Chocolates, flores e cansaço
Desfazer a conexão entre o 8 de março e a imagem pueril de flores e chocolates não é simples. É preciso que as pessoas compreendam pauta.
Enfia as flores no **. Todos os anos, paralelamente às mensagens cor-de-rosa que celebram a delicadeza feminina, circulam memes na internet com mensagens nem um pouco singelas como essa, produzidas por gente que já está de saco cheio de explicar que 8 de março não é sobre flores ou chocolates.
Eu sempre rio nervosamente porque me identifico com esse ímpeto de mandar todos ao raio que os parta, mas é preciso respirar fundo e lembrar que mudanças culturais são sempre demoradas.
Já faz tempo que tenho iniciado minhas aulas na semana do 8 de março com algum tipo de provocação sobre não ser um dia para flores ou chocolate – o que sempre gera reações imediatas entre espanto a irritação.
O fato é que, por mais que pareça absurdo pra quem tem contato com movimentos sociais, ainda há um desconhecimento generalizado da história de lutas, greves, protestos e repressão que levaram à criação da data, no início do século XX.
Eu só fui entender a extensão desse desconhecimento quando saí da minha bolha meio intelectual, meio de esquerda e fui lecionar no Ensino Médio e em cursos de Ensino Superior como Ciências Contábeis e Administração.

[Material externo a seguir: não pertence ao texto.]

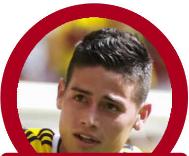
James Rodriguez bálotjiekte
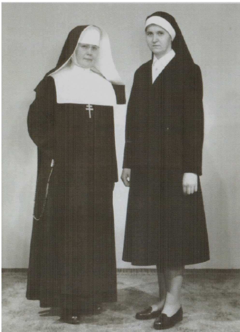
č. 32 V roce 1967 došlo ke změně řeholního oblečení sester. Na fotografii je zachyceno původní (vlevo) a nové řeholní oblečení (vpravo).
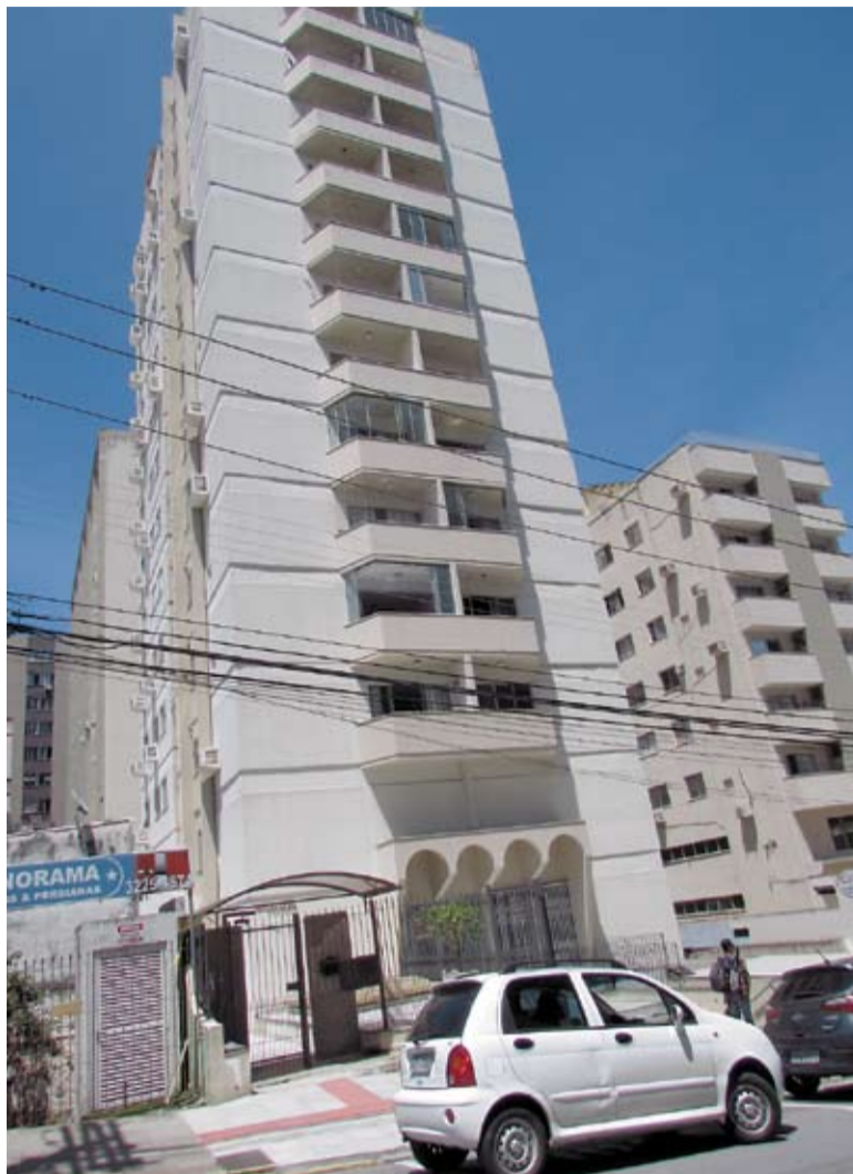
Condomínio Solar do Araguaia, no Centro de Florianópolis

“Com a escolha, deve ser feito o contrato de prestação de serviços com base no que foi ajustado. Apenas após a assinatura do contrato é que a obra deverá ter início. E, dependendo da natureza dessa obra, o condomínio ainda poderá
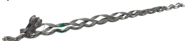
Натяжной зажим НСО

Спиральная арматура в зависимости от модели и максимальной нагрузки состоит из коуша, стальных проволок, защитного протектора. На внутреннюю поверхность спирали нанесен дополнительный абразивный слой для надёжного сцепления с оболочкой кабеля. Для корректного и правильного монтажа зажимы имеют соответствующую цветовую маркировку.
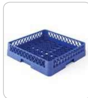
5300130 C-2 Cesta cubiertos 500x500 h:100mm PVP 22€
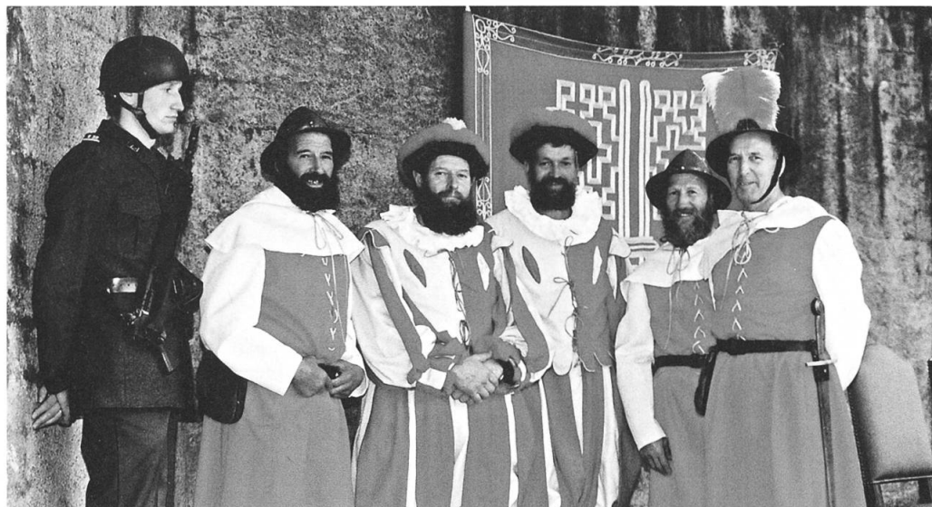
Gruppenbild mit Soldat und Landsknechten.

Auffallend gross war die Anzahl derjenigen, die sich der Stimme enthielten. Zur Feststellung der genauen Verhältnisse musste das Stimmvolk den Ring verlassen. Geerings Parteifreunde wurden auf der Ennerbergstrasse aufgestellt, Odermatts Anhänger sammelten sich auf der Engelbergerstrasse. Es war offensichtlich, dass sich wieder viele der Stimme enthielten und auf dem Vorplatz herumstanden oder sich in einer der beiden Gartenwirtschaften den Durst löschten. Das erstmals durch Drehkreuze ermittelte Resultat fiel recht knapp aus: 2843 Stimmen fielen auf Geering und deren 2442 auf Odermatt. Odermatts Parteigänger waren sich fast sicher, die vielen Stimmenthaltungen hätte es bei einer geheimen Abstimmung nicht gegeben und Odermatt wäre gewählt worden. Eine Ansicht, die viele teilten, die nicht unbedingt Anhänger des DN waren. Der nicht gerade glückliche Verlauf dieser Landsgemeinde verhalf den Abschaffungsbefürwortern vermutlich zu einem recht grossen Zulauf.
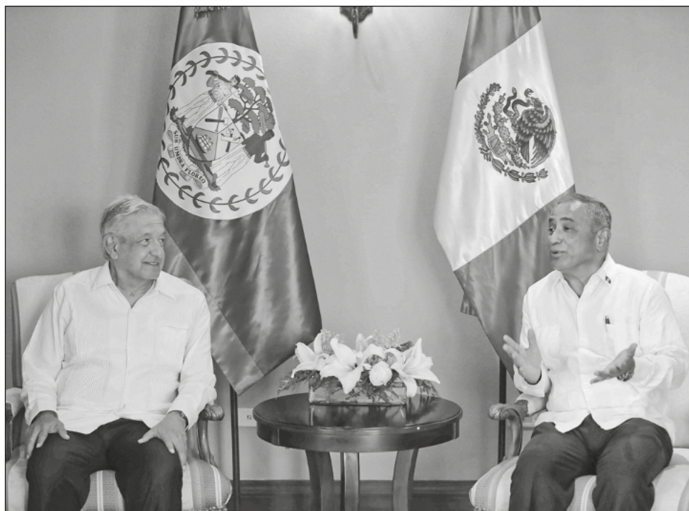
▲ Los presidentes se comprometieron a intercambiar experiencias y buenas prácticas en transporte e infraestructura, así como en fortalecer la conectividad aérea.

Además, hicieron un urgente llamado para que la novena Cumbre de las
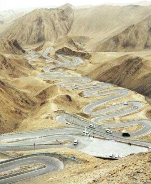
ถนนมังกรพันโค้ง/ผานหลง (Panlong Ancient Road)
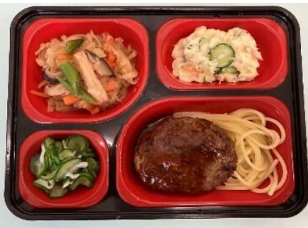
みんなのキッチンふくつ…P7
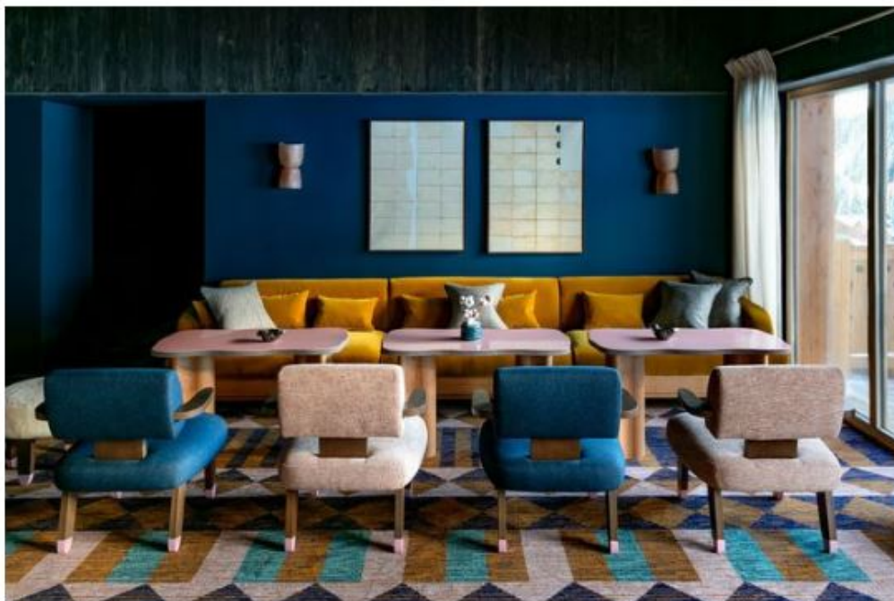
Au bar comme dans les chambres ou le restaurant, les couleurs claquent Jérôme Galland pour L'Express diX
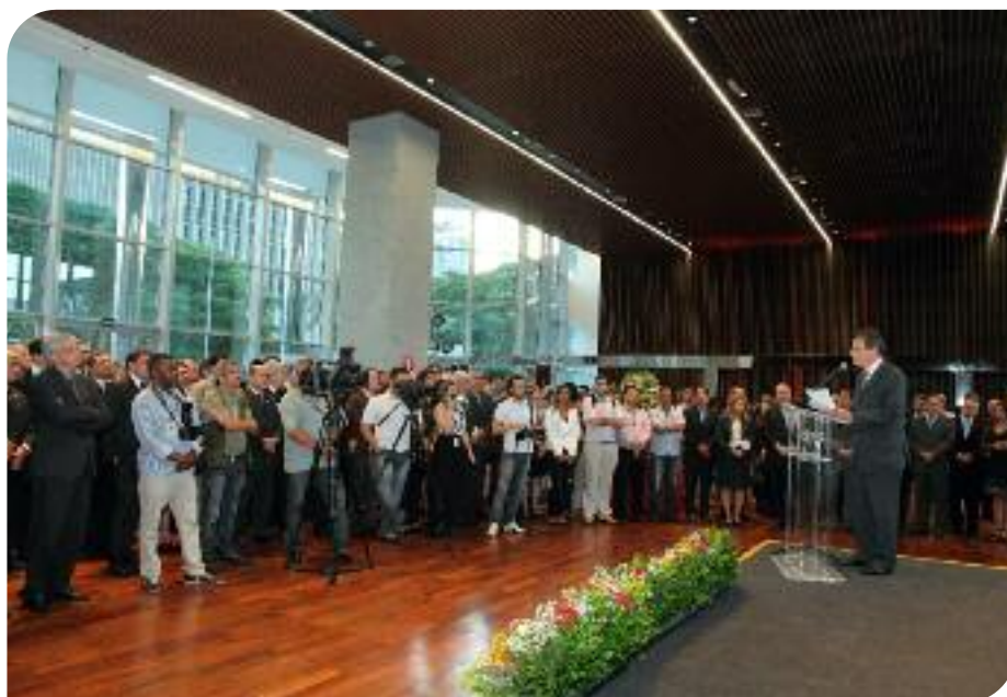
O hall de entrada, com cerca de 400 convidados, foi o local da cerimônia de inauguração
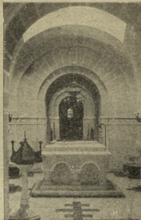
Vederi din interiorul Mausoleului dela Mărășești.
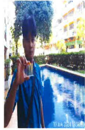
ภาคผนวกที่ 3.10 การตรวจสอบวัดค่าความเป็นกรด ด่าง (PH) และปริมาณคลอรีน
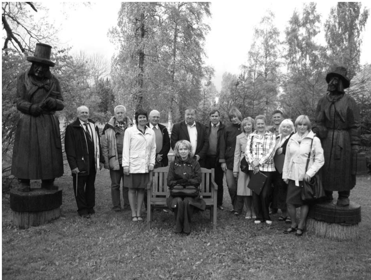
Deputāti un domes darbinieki izbraukuma sēdē „Kalna Kaibēnos”.

– Pašlaik, lūkojoties uz uzņēmējdarbības uzsākšanu, jāatzīst, ka šis ir inovāciju laiks – jauni, neordināri risinājumi un piedāvājumi ir uzņēmēju tilts gan pie patērētājiem vietējā, gan eksporta tirgū. Es nedomāju, ka Piebalgā ir vajadzīga kāda liela rūpnīca vai fabrika, man liekas, ka mūsu novads ir mazo un vidējo uzņēmēju dzīves un darbavietas. Mūsu lielākā vērtība ir skaistā daba un kultūrvēsturiskais mantojums. Katrs tūrists, kurš apmeklē novadu, dod savu artavu arī biznesa cilvēku maciņos. Mazsvarīgs nav arī apstāklis, ka mēs esam ļoti atvērti dialogam. Uzņēmējam tāpat kā jebkuram iedzīvotājam ir svarīgi, lai ikvienu problēmu varētu risināt tad, kad tā ir, neskatoties uz pieņemamajiem laikiem vai konkrētām tikšanās reizēm. Mēs esam pietiekami maza pašvaldība, lai visus jautājumus varētu risināt operatīvi.
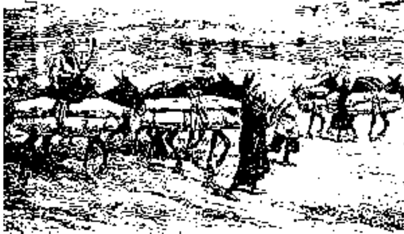
استخوانهای مردگان را بار کرده به کربلا میبرند

عثمانیان گاهی به جلوگیری پرداختندی بارها رخ داده که استخوانها را خرد کرده و در توبره اسب ریخته خواسته اند نهانی از مرز گذرانند و دانسته شده و مایه رسوایی گردیده. ۱
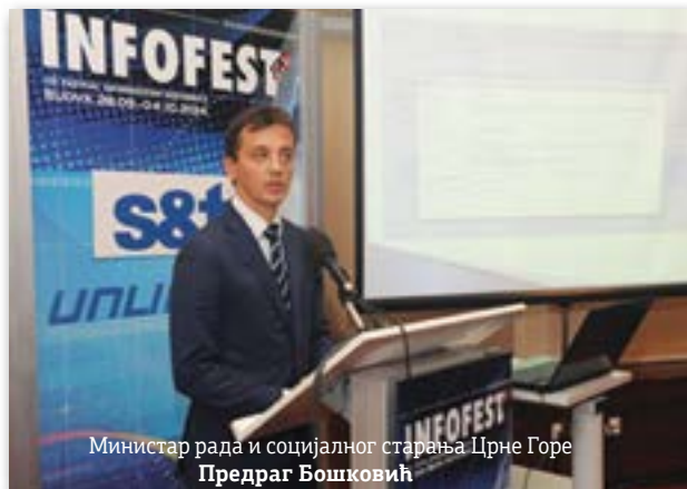
Министар рада и социјалног старања Црне Горе Предраг Бошковић

Систем омогућава бољи увид у кориснике, филтрира оне који не испуњавају услове, смањује број прималаца вишеструких накнада и штеди на административним трошковима. Нови систем смањиће злоупотребе социјалних давања - у Никшићу је 75 корисника, који нису међу живима, примало социјалну накнаду
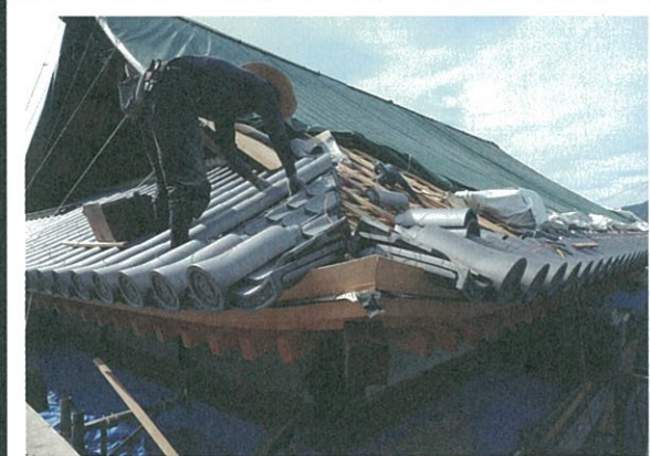
連日猛暑の中の工事の様子
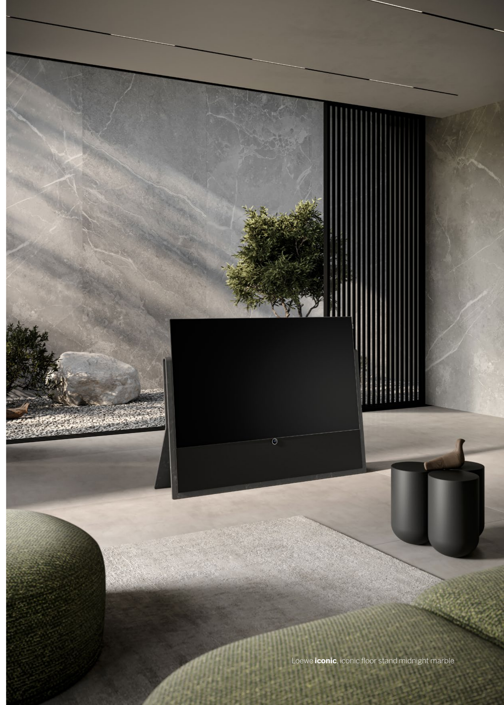
Loewe iconic , iconic floor stand midnight marble

Fui ouvida com choque todas as vezes que contei histórias como a das marchas de mulheres operárias no final do século XIX e do incêndio criminoso das trabalhadoras em uma fábrica estadunidense, em 1911. Igual espanto foi sempre gerado nas ocasiões em que marquei em linhas do tempo fatos absurdamente recentes no Brasil, como a conquista de direitos como votar (1934), trabalhar sem necessidade de permissão do marido (1962) ou cursar o Ensino Superior (1979).
Desfazer a conexão entre o 8 de março e a imagem pueril de flores e chocolates não é simples.
Faz muito tempo que o mercado usa a data para oferecer descontos, anunciados com flores e corações. Faz muito tempo que as empresas repetem a mesma homenagem às funcionárias e clientes. Ainda assim, isso é possível, pois, da mesma forma que foi possível para o mercado engolir uma data política e a transformar nesse discurso vazio, também é possível que a tomemos de volta.
Nesse sentido, foi muito bom ver este ano uma mudança na forma como o dia tem sido anunciado em muitos lugares: Dia Internacional de Luta das Mulheres.
Mas não basta mudar o nome, é preciso que as pessoas compreendam pauta – e é aí que se faz necessário o respirar fundo e explicar, ouvir, articular ideias e chamar pra junto.
Eu sei que pode ser frustrante ter que explicar a mesma coisa tantas vezes – assim como sei que é frustrante para os homens terem o seu bem-intencionado parabéns pelo seu dia usado como deixa para uma pequena aula de introdução ao feminismo. Ainda assim, a importância dessa conversa é grande demais para que ela seja suspensa pelo cansaço ou pelo constrangimento de quebrar a expectativa de quem nos oferece flores.
E se a sua empresa está fazendo a tradicional homenagem que esvazia o conteúdo da data, saiba que há sempre tempo para mudar. A partir do diálogo, é possível que, nos próximos anos, as tais homenagens sejam substituídas por ações relevantes para marcar a data.
Ao invés de chocolates, poderemos ter equidade salarial; ao invés de cartões cheios de brilho, talvez tenhamos a distribuição de cartilhas sobre assédio e violência de gênero; ao invés de flores na chegada ao trabalho, talvez tenhamos eventos corporativos voltados para o combate ao machismo; ao invés de mensagens sobre as super-mulheres, talvez tenhamos mensagens sobre divisão igualitária do serviço doméstico e da carga mental a ele relacionada; ao invés da exposição de fotografias das mulheres que fazem a empresa, talvez tenhamos essas mulheres fora da firma por um dia, envolvidas nas mobilizações políticas por direitos.
Provavelmente nada disso vai ocorrer em 2022, mas, mulheres, tenhamos em mente que, se as lutas feministas fossem abandonadas a cada revés, não estaríamos hoje escrevendo e publicando textos como este.
E, homens, antes de se chatearem com a chatice das feministas, coloquem-se em nosso lugar e conversem com seus pares porque, quando vocês passarem a apoiar nossa luta por direitos, ao invés de se sentirem atacados quando o assunto é desigualdade de gênero, certamente nós teremos muito menos motivos para sermos “chatas” e nenhuma de nós sentirá o impulso de mandar vocês enfiarem as flores no **.